Coming Back to Me
- First edition
- Author: Marcus Trescothick, Peter Hayter
- Language: English
- Genre: Autobiography
- Publisher: HarperSport
- Publication date: 1 September 2008
- Media type: Print (Hardcover and Paperback), E-book
- Pages: 342 pp (Paperback edition)
- ISBN: 978-0-00-729248-6 (Paperback edition)
- OCLC: 230989160

= Coming Back to Me =

Autobiography of Marcus Trescothick

Coming Back to Me: The Autobiography of Marcus Trescothick is the 2008 autobiography of former England Test cricketer Marcus Trescothick, written with Peter Hayter. The book summarises Trescothick's cricketing exploits, from his childhood fantasies through to his international successes, but focuses on the trouble that he suffered when touring overseas, and the resulting depression that caused him to retire from international cricket.

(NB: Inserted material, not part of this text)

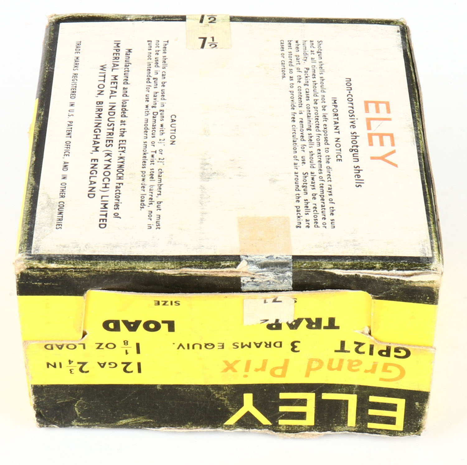 Eley, Grand Prix, Trap Load, 12ga., 1pc., Full, shot size 7 1/2, multi-color box, box has some age soiling with scuffing, paper shells are excellent. Grade: Very Good ++ - Value: 10 to 40

The book was named William Hill Sports Book of the Year 2008, becoming just the second autobiography to win the award. Co-founder of the prize, Graham Sharpe, said that: "The judges felt it fearlessly tackled one of the great taboos of elite sport." It was also shortlisted for the "Best Autobiography" at the British Sports Book Awards 2009, and the "Biography of the Year" at the 2009 National Book Awards.